**Exercise prompt**: Nothing but the lines below from the one holding "进入2025年以来,央企抛售" up to and including the one holding "10月25日,河北省發(fā" should be copied, exactly and without pictures.

**Data shown**:
<<<<

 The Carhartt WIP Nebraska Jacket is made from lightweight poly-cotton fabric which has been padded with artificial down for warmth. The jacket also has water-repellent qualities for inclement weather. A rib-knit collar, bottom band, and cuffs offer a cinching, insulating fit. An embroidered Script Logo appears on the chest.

>>>>
<<<<

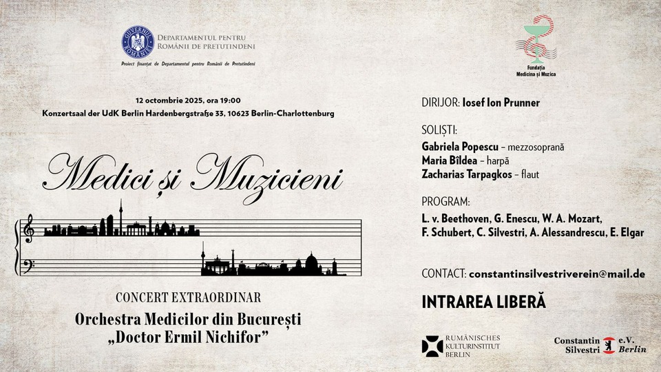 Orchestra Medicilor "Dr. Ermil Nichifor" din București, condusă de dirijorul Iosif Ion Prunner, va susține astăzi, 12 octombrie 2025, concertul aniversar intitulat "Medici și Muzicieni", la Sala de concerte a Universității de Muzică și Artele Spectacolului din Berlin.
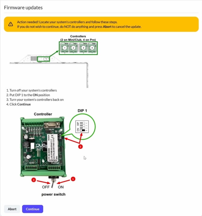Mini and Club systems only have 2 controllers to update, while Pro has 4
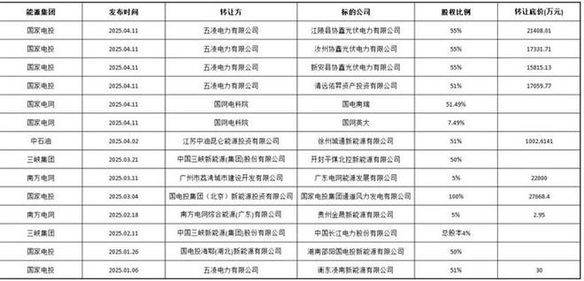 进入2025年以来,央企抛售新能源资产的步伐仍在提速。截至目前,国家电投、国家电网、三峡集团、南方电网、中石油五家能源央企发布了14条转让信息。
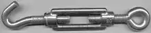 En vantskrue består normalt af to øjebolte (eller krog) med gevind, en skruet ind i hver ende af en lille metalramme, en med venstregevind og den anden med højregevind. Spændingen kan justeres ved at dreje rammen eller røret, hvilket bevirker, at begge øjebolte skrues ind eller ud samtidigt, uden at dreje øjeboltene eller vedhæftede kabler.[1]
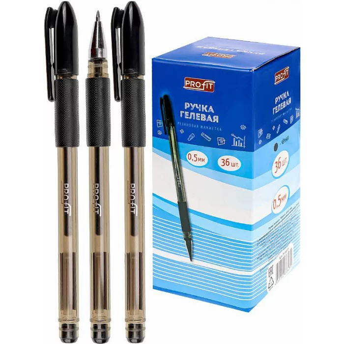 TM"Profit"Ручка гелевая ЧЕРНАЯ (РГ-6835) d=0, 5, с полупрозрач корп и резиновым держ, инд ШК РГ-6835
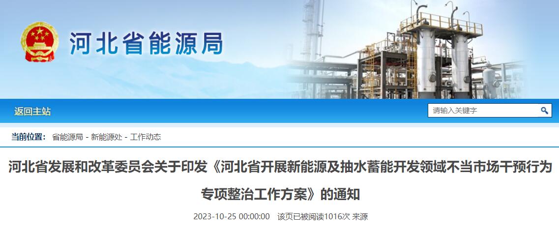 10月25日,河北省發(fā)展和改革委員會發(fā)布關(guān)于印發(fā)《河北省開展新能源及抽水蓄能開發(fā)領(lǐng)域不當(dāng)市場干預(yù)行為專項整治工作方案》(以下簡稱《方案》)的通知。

>>>>
<<<<

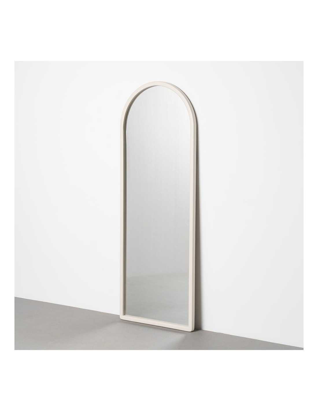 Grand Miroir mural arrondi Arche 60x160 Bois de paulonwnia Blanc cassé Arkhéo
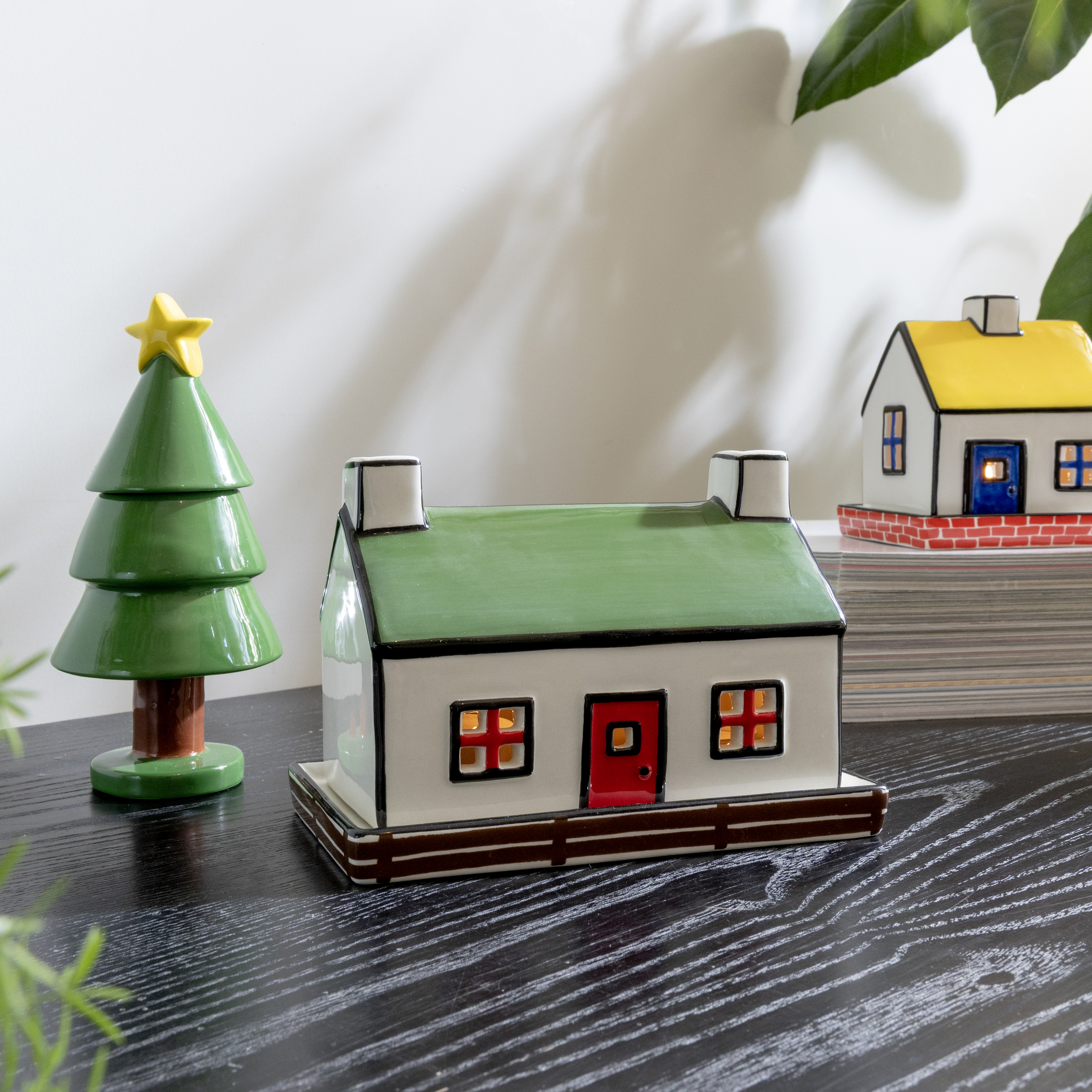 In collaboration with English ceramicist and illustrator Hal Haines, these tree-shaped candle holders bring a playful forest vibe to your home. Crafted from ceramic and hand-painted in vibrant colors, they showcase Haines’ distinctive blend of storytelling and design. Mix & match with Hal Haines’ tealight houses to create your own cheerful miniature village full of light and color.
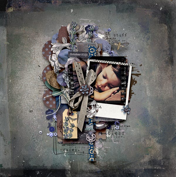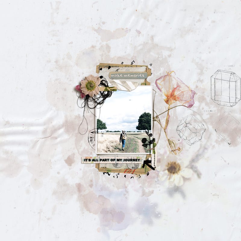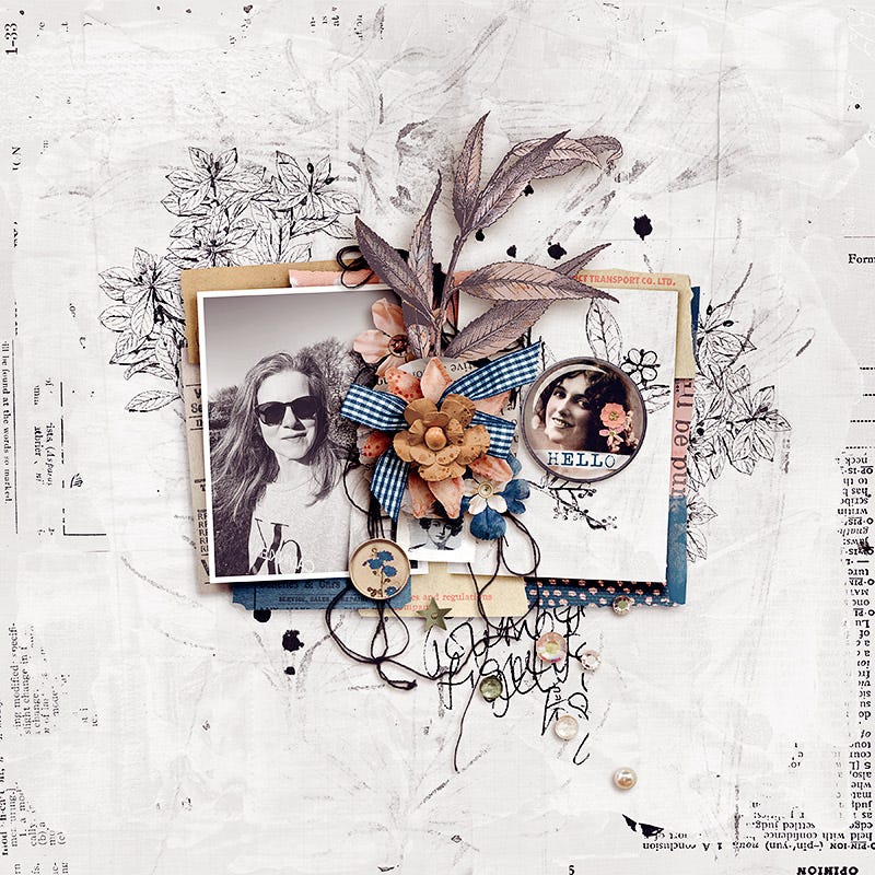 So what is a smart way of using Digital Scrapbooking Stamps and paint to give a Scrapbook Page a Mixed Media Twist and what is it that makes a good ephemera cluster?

>>>>

**Result for this task**:
 进入2025年以来,央企抛售新能源资产的步伐仍在提速。截至目前,国家电投、国家电网、三峡集团、南方电网、中石油五家能源央企发布了14条转让信息。
 En vantskrue består normalt af to øjebolte (eller krog) med gevind, en skruet ind i hver ende af en lille metalramme, en med venstregevind og den anden med højregevind. Spændingen kan justeres ved at dreje rammen eller røret, hvilket bevirker, at begge øjebolte skrues ind eller ud samtidigt, uden at dreje øjeboltene eller vedhæftede kabler.[1]
 TM"Profit"Ручка гелевая ЧЕРНАЯ (РГ-6835) d=0, 5, с полупрозрач корп и резиновым держ, инд ШК РГ-6835
 10月25日,河北省發(fā)展和改革委員會發(fā)布關(guān)于印發(fā)《河北省開展新能源及抽水蓄能開發(fā)領(lǐng)域不當(dāng)市場干預(yù)行為專項整治工作方案》(以下簡稱《方案》)的通知。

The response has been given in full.